This project provides tools to analyze network traffic captured in PCAP files and employs Machine Learning (ML) models to classify encrypted internet traffic. It focuses on extracting critical traffic features for app usage classification, visualizing them, and predicting the application generating the traffic among Chrome, Edge, Spotify, YouTube, and Zoom.
PCAP File Analysis:
-
Load PCAP Files:
- Supports
.pcapand.pcapngformats. - Activates "Show Dataframe" and "Show Graphs" buttons upon loading.
- Supports
-
Show Dataframe:
- Extracts and displays features such as:
- Flow size (total packets per flow)
- Flow volume (total bytes per flow)
- Average packet size
- Packet size distributions
- Packet timestamps and Inter-Arrival Times (IAT)
- Flow duration
- Flow directionality (forward vs. backward packet counts)
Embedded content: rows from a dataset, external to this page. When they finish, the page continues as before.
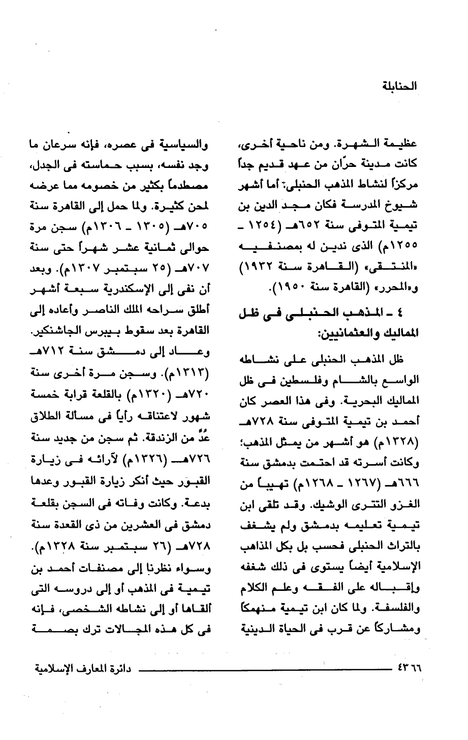 4 - المذهب الحنبلى فى ظل المماليك والعثمانيين: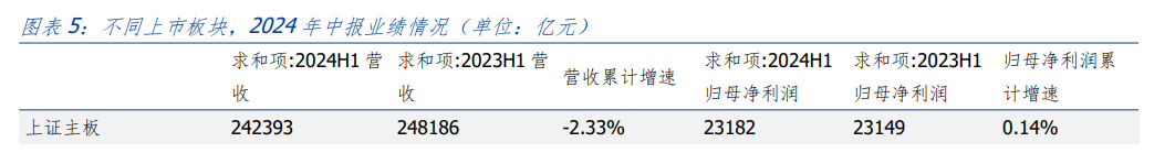 分别比较公司属性、市值规模、上市主板的中报业绩情况,营收增长上外企占优,盈利稳健上国企优于民企;综合营收和净利润增速,沪深300、中证1000中报表现较好;上市板块中,创业板相对占优,2024年中报营收增速5.89%,归母净利润增速0.23%。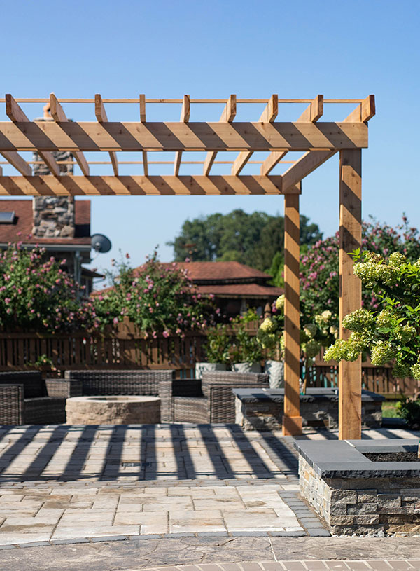 Pergolas offer privacy and a shaded area for you to enjoy the benefits of relaxing outdoors while keeping yourself protected from outdoor elements. Pergolas can be decorated with plants, hanging lights, and other outdoor accents. Fill your pergola with comfortable furniture and utilize this area for reading, hosting intimate gatherings and so much more.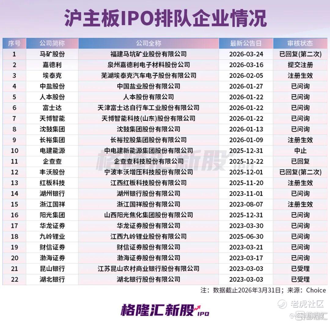 下面是A股各版块详细IPO排队名单: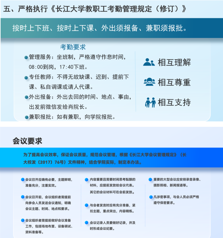 同时,制定《yl9193永利集团师德师风管理办法》、《yl9193永利集团会议管理办法(试行)》、《yl9193永利集团土木工程学科硕士研究生导师选聘及指导名额分配办法(试行)》等管理办法,确保学院师德师风建设有章可循,有据可依。学院党委书记谌姿、党委副书记周洁如多次在全院教职工大会上强调考勤管理和学院会议管理,要求作为一名教师,要爱岗敬业,确保考勤纪律和会议到会规范。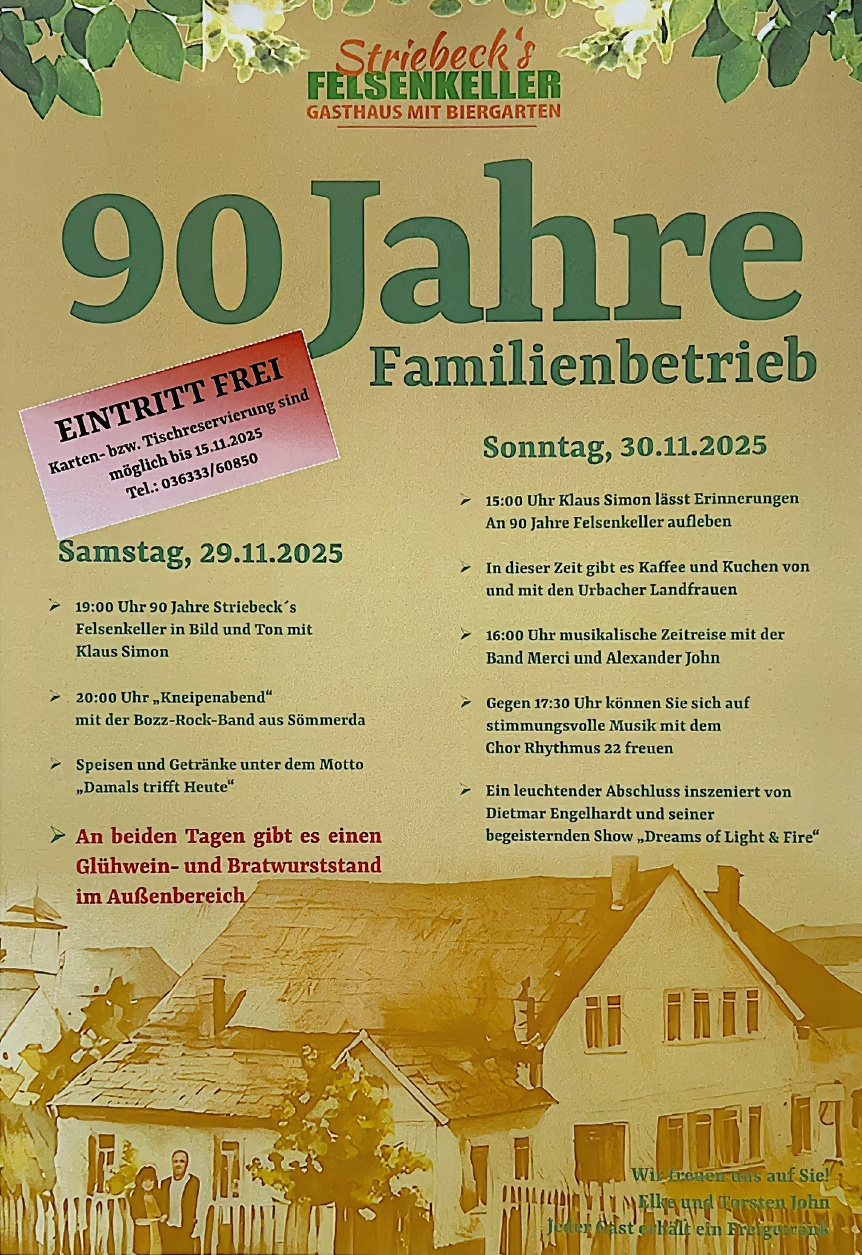 Leider haben wir für die 90 Jahresfeier keine freien Plätze mehr. Das gilt für beide Tage.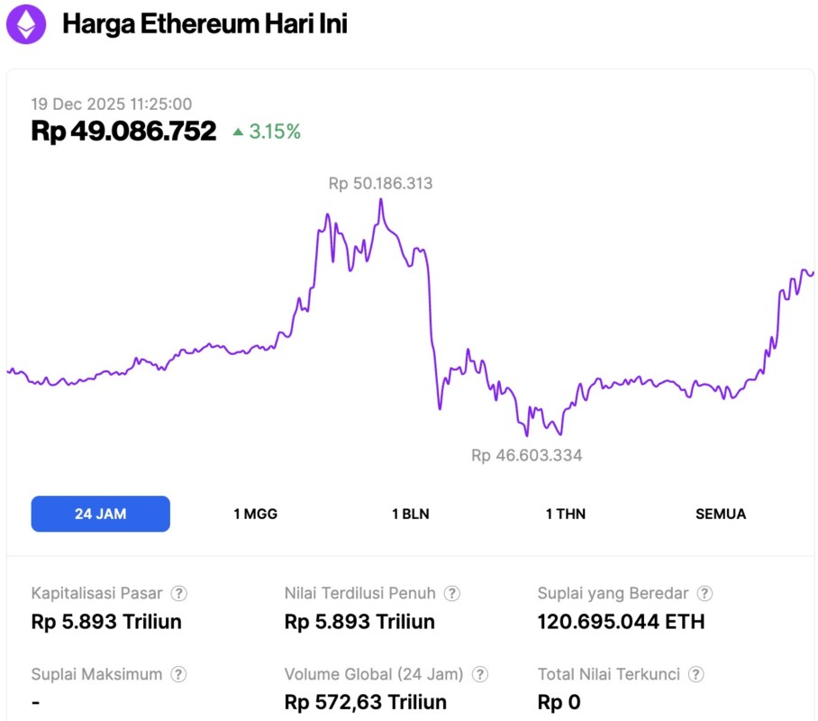 Pada 19 Desember 2025, harga Ethereum tercatat berada di sekitar $$2,919 atau setara dengan Rp49.086.752, mengalami kenaikan 3,15% dalam 24 jam terakhir. Sepanjang periode ini, ETH sempat menyentuh level terendahnya di Rp46.603.3347 dan level tertingginya di Rp50.186.313.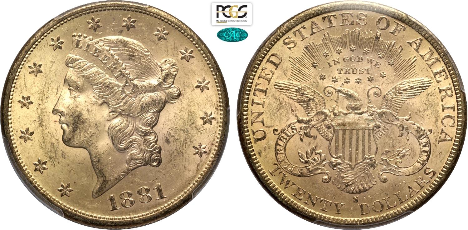 United States of America, Federal Republic (1776-), Liberty Head double eagles, 20 Dollars 1881-S, San Francisco mint, Au 34,1 mm, 33,43 g, ...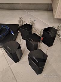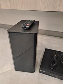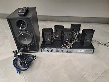 Impianto audio samsung dolby 5.1 con lettore blu ray. tipologia in filodiffusione, non necessita di Bluetooth e Wifi. ottime condizioni, audio e video perfetti. vendo a malincuore. 5 casse, 1 woofer, lettore bluray, cavi ottico e hdmi, telecomando. pronto per la spedizione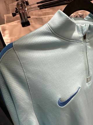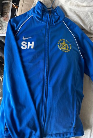 Sudadera deportiva azul de la marca Nike con iniciales. La talla marca la L, pero es un poco más ajustada. - Logo de St Albans City Youth Football Club bordado. - Iniciales SH en blanco. - Cierre de cremallera frontal.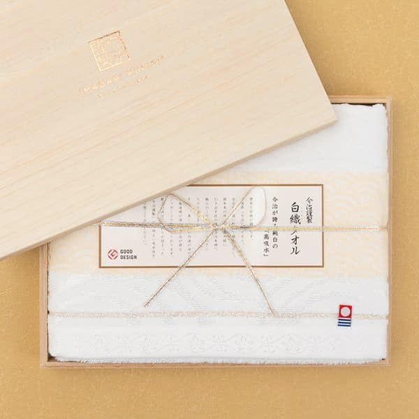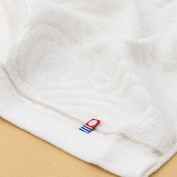 綿本来の吸水性を最大級に引き出す匠の技「今治本晒」。綿本来の“本物”の白さと、それを際立たせる上品な銀糸・光沢糸が華やかさを演出します。

- TCP flags distribution (SYN, ACK, RST, PSH, FIN)
- IP protocols usage
- HTTP packet counts (HTTP/1, HTTP/2, HTTP/3)
- Extracts and displays features such as:
-
Show Graphs:
- Provides interactive visualizations of extracted features:
- Average Packet Size (Bar Chart)
- Average Inter-Arrival Time (Bar Chart)
- Packet Size Distribution (Histogram)
- Inter-Arrival Time Distribution (Histogram)
- Flow Volume per Second (Line Graph)
- Flow Size vs. Volume (Scatter Plot)
- Flow Size per PCAP (Bar Chart)
- Flow Volume per PCAP (Bar Chart)
- Flow Directionality (Forward vs. Backward packets per PCAP, Bar Chart)
- IP Protocols Distribution (Bar Chart)
- TCP Flags Distribution (Bar Chart)
- HTTP Distribution (Bar Chart)
- Provides interactive visualizations of extracted features:
-
ML Prediction:
-
in order to see accuracy results of the prediction, the traffic type("chrome"/"edge"/"youtube"/"spotify"/"zoom") must be the prefix of the filename, as the validation logic of the prediction follows that logic.
- Predict without Flow: Classifies traffic using packet sizes and timestamps.
- Predict with Flow: Classifies traffic using packet sizes, timestamps, and anonymous flow-based features.
- Python 3.8+
- Dependencies:
pyshark,scikit-learn,matplotlib,pandas,numpy,seaborn,tkinter
if running on linux, recommended to run in full screen for full compatability
- Clone the repository:
git clone https://github.com/aviv15616/ExNetsFinal.git
- Navigate to the project directory:
cd ExNetsFinal - Install dependencies:
pip install -r requirements.txt
- Run main.py
- Enjoy!
-
Scenario 1 (Packet sizes, timestamps and Flow-Based):
- Attacker obtains packet sizes, timestamps, and hashes of the 4-tuple flow ID.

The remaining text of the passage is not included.